**DATA TO PROCESS**
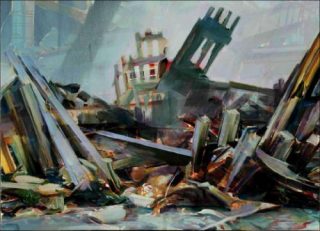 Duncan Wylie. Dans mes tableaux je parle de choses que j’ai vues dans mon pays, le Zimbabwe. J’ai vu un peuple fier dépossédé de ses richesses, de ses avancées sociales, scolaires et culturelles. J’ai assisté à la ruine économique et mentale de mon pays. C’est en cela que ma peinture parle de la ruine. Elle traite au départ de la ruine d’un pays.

* * *

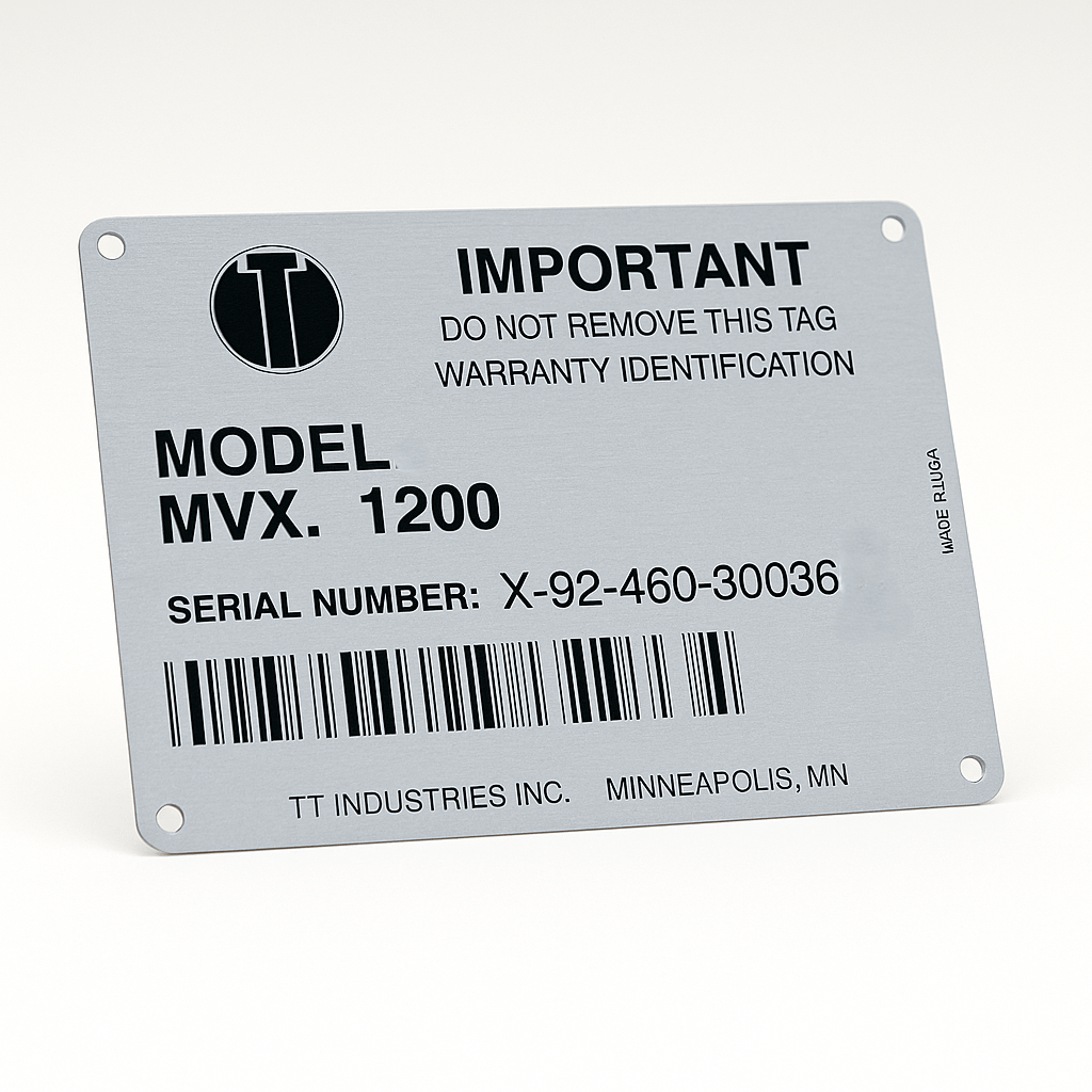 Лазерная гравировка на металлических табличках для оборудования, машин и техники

---

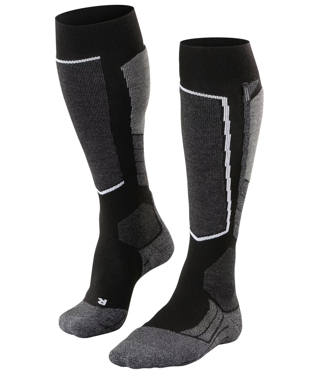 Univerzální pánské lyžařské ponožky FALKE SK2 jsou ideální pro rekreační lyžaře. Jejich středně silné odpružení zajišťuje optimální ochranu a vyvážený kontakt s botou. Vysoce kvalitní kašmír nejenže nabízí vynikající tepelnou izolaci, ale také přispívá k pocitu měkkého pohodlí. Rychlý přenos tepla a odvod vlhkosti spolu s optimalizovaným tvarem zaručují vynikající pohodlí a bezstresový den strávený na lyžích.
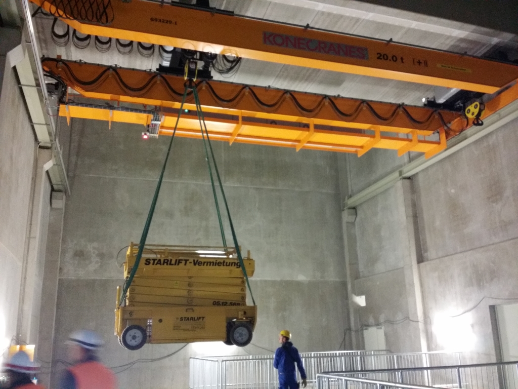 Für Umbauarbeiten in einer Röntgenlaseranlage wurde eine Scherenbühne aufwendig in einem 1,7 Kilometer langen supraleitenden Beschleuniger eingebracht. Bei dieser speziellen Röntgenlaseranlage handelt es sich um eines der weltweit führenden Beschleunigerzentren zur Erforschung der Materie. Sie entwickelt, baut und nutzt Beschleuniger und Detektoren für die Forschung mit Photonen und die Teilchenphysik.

**WHAT THE TASK ASKS**
In the listing above, find the line containing "Univerzální pánské lyžařské" and the line containing "Für Umbauarbeiten in". Reproduce those lines and all between them exactly, with no pictures and nothing more.

**ANSWER BELOW**
 Univerzální pánské lyžařské ponožky FALKE SK2 jsou ideální pro rekreační lyžaře. Jejich středně silné odpružení zajišťuje optimální ochranu a vyvážený kontakt s botou. Vysoce kvalitní kašmír nejenže nabízí vynikající tepelnou izolaci, ale také přispívá k pocitu měkkého pohodlí. Rychlý přenos tepla a odvod vlhkosti spolu s optimalizovaným tvarem zaručují vynikající pohodlí a bezstresový den strávený na lyžích.
 Für Umbauarbeiten in einer Röntgenlaseranlage wurde eine Scherenbühne aufwendig in einem 1,7 Kilometer langen supraleitenden Beschleuniger eingebracht. Bei dieser speziellen Röntgenlaseranlage handelt es sich um eines der weltweit führenden Beschleunigerzentren zur Erforschung der Materie. Sie entwickelt, baut und nutzt Beschleuniger und Detektoren für die Forschung mit Photonen und die Teilchenphysik.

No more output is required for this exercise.